After much life experience men realize they've been living a lie and come full circle back to reality. Guys at some point go 'Charlie Sheen' and start saying whatever they think whether it's politically correct or not. The problem is that no one takes you seriously. The wife just waves me off and says "Don't pay any attention to Tom. He thinks he's being funny." And my twenty-something friends say "Don't mind Tom. He's just a crazy old man." What the hell? I'm serious!

Click to enlarge
As an example, not every baby in the world is cute. Some of them are downright ugly. Do you know where ugly babies come from? Ugly parents. They know they're ugly and they decided to bring a facially challenged child into the world. You don't think they married a 3 and thought of themselves as an 8 or 9 do you? If you're marrying a 3 then you're somewhere between 1 and 5 and you know it. There is never more than a plus or minus 2 in a relationship barring extenuating circumstances like money and fame.
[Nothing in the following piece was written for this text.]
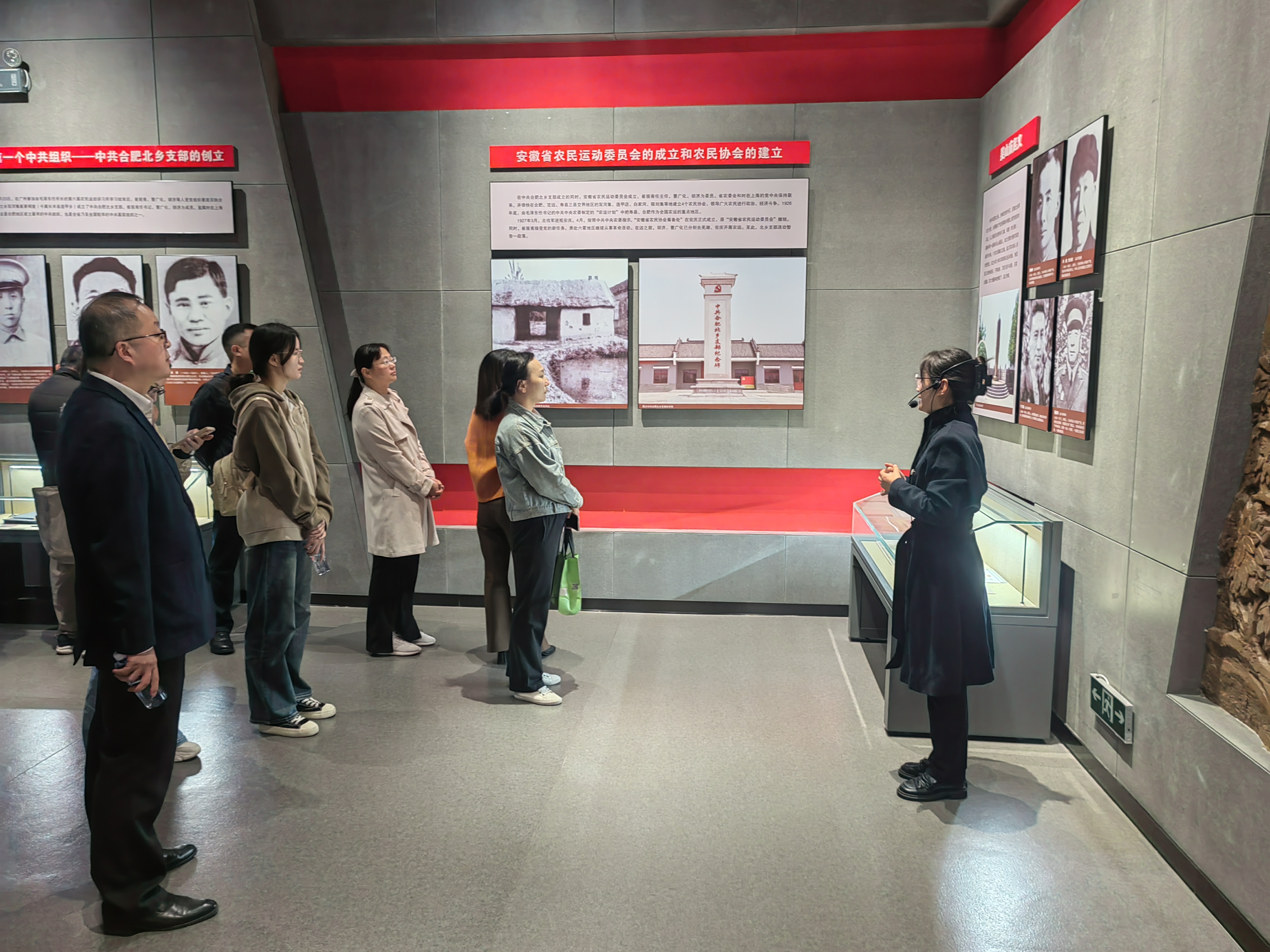 活動中,大家一起參觀了中國共產黨合肥歷史館、新四軍第四支隊東進抗日紀念館,展館中珍貴的歷史圖片、斑駁的抗戰文物、生動的場景雕塑將大家帶回到那個艱苦卓絕的崢嶸歲月。隨后大家瀏覽了館中新青年、大革命時期、土地革命時期到社會主義現代化各個時期展出的檔案文獻、圖文展板等,對崔筱齋、馬毛姐等合肥發展史上近百位重要人物以及北鄉支部創建到整體推進合肥現代化城市建設等重大事件進行瞻仰學習,切身感受了合肥百年來發生的翻天覆地的變化。

So are women a little on the crazy, emotional roller-coaster, illogical side? Of course they are, with the redheads more than a little. I don't know why but every redhead woman I've ever met has been the psycho, schizoid, kind of scary type. Are men on the insensitive, inattentive, unemotional side? Of course. And since women have no problem expressing their feelings without holding back, I think men should be able to express their un-feelings in the same way. If that makes me typical, so be it.